In Response to an HN thread: Credentials - Shamiq
http://shamazing.blogspot.com/2009/02/in-response-to-hn-thread-credentials.html

======
chris11
In general, credentials are not worth much. If I don't have the technical
background or knowledge to evaluate an answer given by an expert, I would be
doing a disservice to myself to accept that answer on face value.Sure, I could
use that explanation for learning. But still, it would be a lot better to get
explanations from multiple sources.

So basically expert opinions can give a good start for learning something, but
you won't learn a lot if you only go off that expert opinion.

Since the post you were referring to was about the value of ideas in math,
credentials might have helped a little bit, because evaluating an idea's worth
requires knowledge and experience in that problem domain. But even if that
post were written by a credentialed expert, that fact would not help me a lot.
I still have almost no idea how to evaluate the importance of an idea in
mathematics, and learning that will take more than talking to one person.

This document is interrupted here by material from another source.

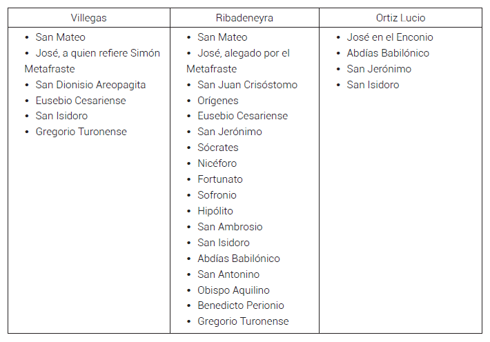 A pesar de dichas diferencias, las similitudes entre los tres autores son llamativas, como es el ya antes mencionado caso del nombre de Polemón o la localización del enfrentamiento entre Bartolomé y Astaroth en Armenia, punto sobre el que volveré más adelante. Además, los tres textos coinciden por momentos de manera casi literal en el relato de la vida de san Bartolomé. Al respecto, es posible que se hayan tomado como fuente entre ellos. Si se toma en consideración las fechas de publicación de las primeras ediciones de dichos textos, el texto hagiográfico de Villegas (1578) pudo haber servido de modelo a Ribadeneyra (1599) y Ortiz Lucio (1605). Sin embargo, resultaría llamativo que Ribadeneyra hubiera tomado el texto de Villegas y haya incorporado más del doble de referencias directas a otros textos (tabla 2).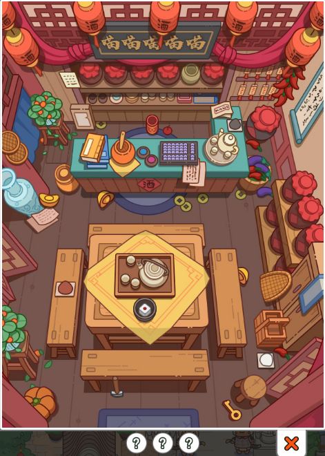 1黄瓜放案板,等待黄瓜切块,切好后,拖动黄瓜块到空盘。辣椒放案板,等待切块,拖动辣椒碎块到罐里。左上角的料倒入辣椒罐,酒坛拖动到辣椒罐。辣椒倒入黄瓜(腌黄瓜) 2剥皮器剥姜皮,刀切姜,姜和可乐放到水壶里,煮好了倒入杯子(生姜可乐) 3火腿肠放案板,刀切火腿肠,筷子夹火腿肠,放入火锅里蘸(开花肠) 1盒子缺三个物品,圆、三角和四边(人参) 2倒油,拖动灯芯到灯台,打火机点火(灯台) 3小冰块安在冰雕

Also, expertise and credentials are overrated. That's one thing that really
shocked me while I was reading the four-hour work week. Tim Ferris suggested
that you gain expertise and credentials, mentioning that it was quite easy.
One of the ways he suggested was to go to some close by organization or
fortune-500 company and hold a free seminar on a topic, which is easy to do
because the standards for letting someone show up and do a free seminar are
probably low. Then, when talking with someone, you just need to mention the
seminars, and they will assume that the organization has evaluated you, and
your worth will be viewed as dependent on that organization.

So basically, what I got from that was I naturally give too much deference to
experts, and I don't really have the knowledge to give a thorough evaluation
of someone's credentials.And a thorough evaluation of someone's credentials in
an internet forum would probably devolve into a flame war.For example, the
author of the article on the number 6174 has decent credentials, but it
appears that he misused the definition of a kernel (See
<http://mathworld.wolfram.com/ModuleKernel.html>).So how do I evaluate errors
in an opinion where the value is determined from credentials? Do I say that
it's not an error, the author just missed the details, or the credentials are
not worth much?

Edit: Link to HN conversation:<http://news.ycombinator.com/item?id=480398>